In Naive Bayes classifier how is P(sneezing,builder|flu) = P(sneezing|flu)P(builder|flu)?

34 Views Asked by At

Please refer to this literature:

According to Naive Bayes classification algorithm:

$P(sneezing,builder|flu) = P(sneezing|flu)P(builder|flu) $

where sneezing and builder are independent events.

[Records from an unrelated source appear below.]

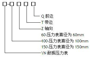 例:Y-100ZTQ 0~1MPa代表直徑為100mm,軸向帶前邊測(cè)壓范圍0~1MPa的耐振壓力表.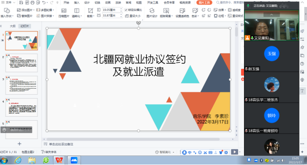 疫情防控期间,为做好2022届毕业生就业工作,3月17日下午,音乐学院通过腾讯会议平台开展“北疆就业网协议签约及派遣”线上讲解,助力学生求职战“疫”。学院书记赵玉强、副书记贾晓光、各毕业班班主任及全体学生参加讲座。
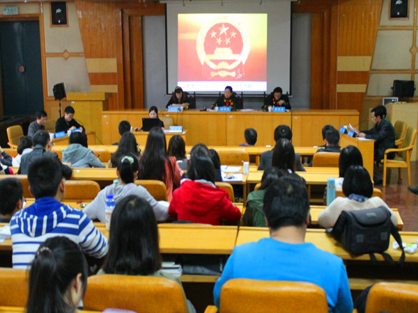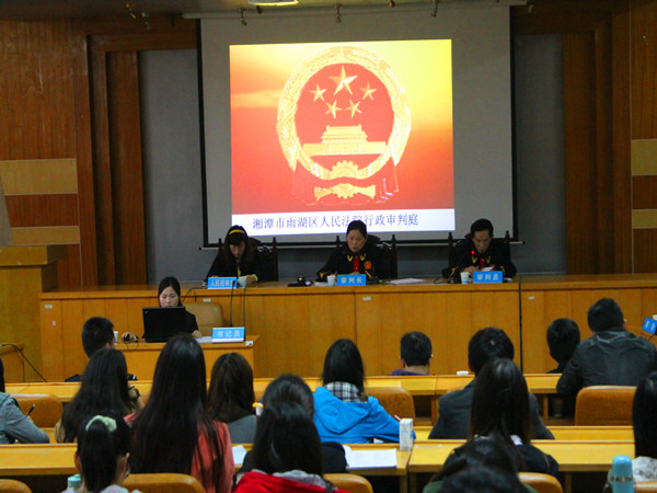 | 4 月24日 上午九点,湖南省湘潭市雨湖区法院行政审判庭在我校五教2—4进行行政诉讼案件的开庭审理,巨乳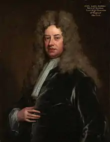 John Somers, 1st Baron Somers (4 March 1651 – 26 April 1716) was an English Whig jurist and statesman. Somers first came to national attention in the trial of the Seven Bishops where he was on their defence counsel. He published tracts on political topics such as the succession to the crown, where he elaborated his Whig principles in support of the Exclusionists. He played a leading part in shaping the Revolution settlement. He was Lord High Chancellor of England under King William III and was a chief architect of the union between England and Scotland achieved in 1707 and the Protestant succession achieved in 1714. He was a leading Whig during the twenty-five years after 1688; with four colleagues he formed the Whig Junto.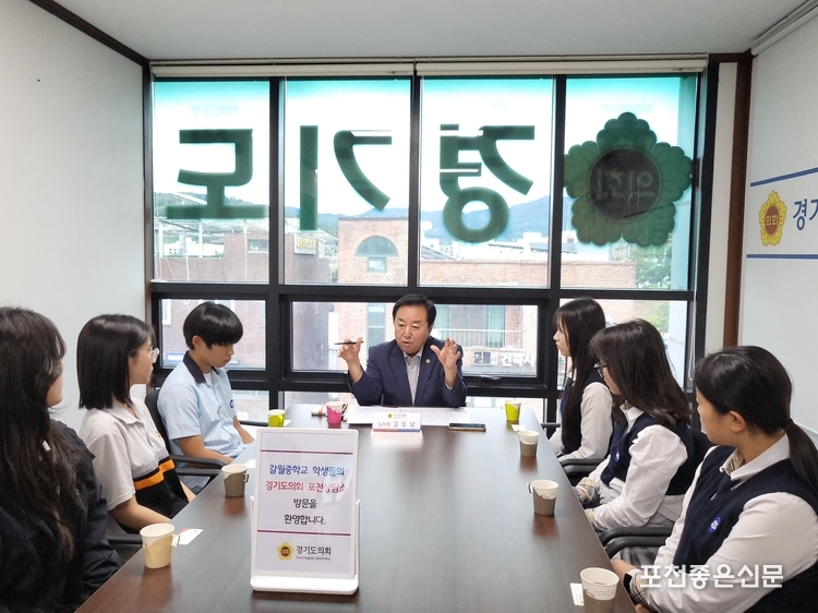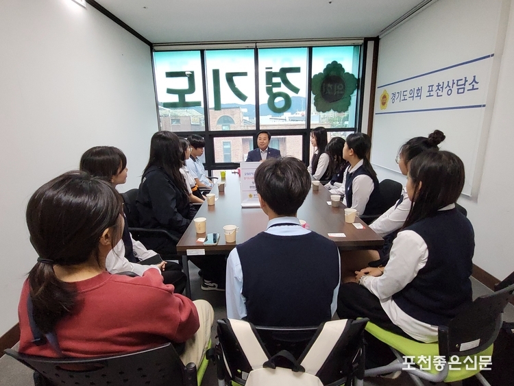 이날 갈월중학교 신문부 학생들은 포천상담소를 방문하여 김성남 의원에게 직접 질문을 던지며 활발한 대화를 나눴다.

How do they arrive at the above conclusion mathematically?

Is it something like:

$P(sneezing,builder|flu)$ $=P(sneezing \cap builder| flu)$ $= \frac{P((sneezing \cap builder) \cap flu)}{P(flu)}$

1

There are 1 best solutions below

0
On

Let $S$, $B$, and $F$ denote "sneezing", "builder", and "flu" respectively, which I suppose are events in a discrete probability space. We are given that $S$ and $B$ are independent, which means that $$ \sum_{i\in S\cap B}p(i)=\sum_{s\in S}\sum_{b\in B}p(s)p(b), $$ where $p(x)$ is the probability assigned to the element $x$ of the sample space, a.k.a. the probability mass function.

Writing out $\mathbb P(S,B\mid F)$ explicitly as a fraction yields $$ \mathbb P(S,B\mid F)=\frac{\sum_{i\in S\cap B\cap F}p(i)}{\sum_{f\in F}p(f)}.\qquad (1) $$ Note that in order for this quantity to even make sense, we are assuming that the denominator is non-zero: in other words, $\mathbb P(F)>0$.

On the other hand, we can write out $\mathbb P(S\mid F)\mathbb P(B\mid F)$ explicitly as follows: $$ \mathbb P(S\mid F)\mathbb P(B\mid F)=\frac{\sum_{i\in S\cap F}p(i)}{\sum_{f\in F}p(f)}\cdot\frac{\sum_{j\in B\cap F}p(j)}{\sum_{f\in F}p(f)}.\qquad (2) $$ Your question is asking why $(1)$ and $(2)$ are equal. By multiplying through on the denominators, we see it is the same asking why the following two expressions are equal: $$ \sum_{i\in S\cap F}p(i)\sum_{j\in B\cap F}p(j)\overset{?}{=}\sum_{i\in S\cap B\cap F}p(i)\sum_{f\in F}p(f). $$ And in fact, when written out explicitly like this, we see that the hypothesis you have been given does not imply that $(1)$ and $(2)$ are equal!! Indeed, it is easy to cook up a counterexample on a small sample space where it is false (but I will leave this exercise to you since it is instructive to work out on your own...) In other words, there is no mathematical explanation of why $(1)$ and $(2)$ are equal given your assumption... although there is a non-mathematical explanation.

How can this be? On the webpage you linked to, they were deliberately vague when expressing their assumptions:

Probability theory says that if several factors don't depend on each other in any way, the probability of seeing them together is just the product of their probabilities.

This condition, applied to $S$ and $B$, is stronger than saying that $S$ and $B$ are independent. What they really are trying to say is that $S$ and $B$ are conditionally independent given any "reasonable" third event. Thus $(1)=(2)$ is an additional assumption that is made, but it is justified on intuitive grounds that independence of $S$ and $B$ is assumed not only on the original sample space, but also on each of the smaller sample spaces $F$ and its complement. That is the meaning of conditional independence in this case. (The general case involves a partition of the sample space into several smaller parts, depending on the values of a random variable, and imposing the condition that independence continues to hold on each of these smaller sample spaces.)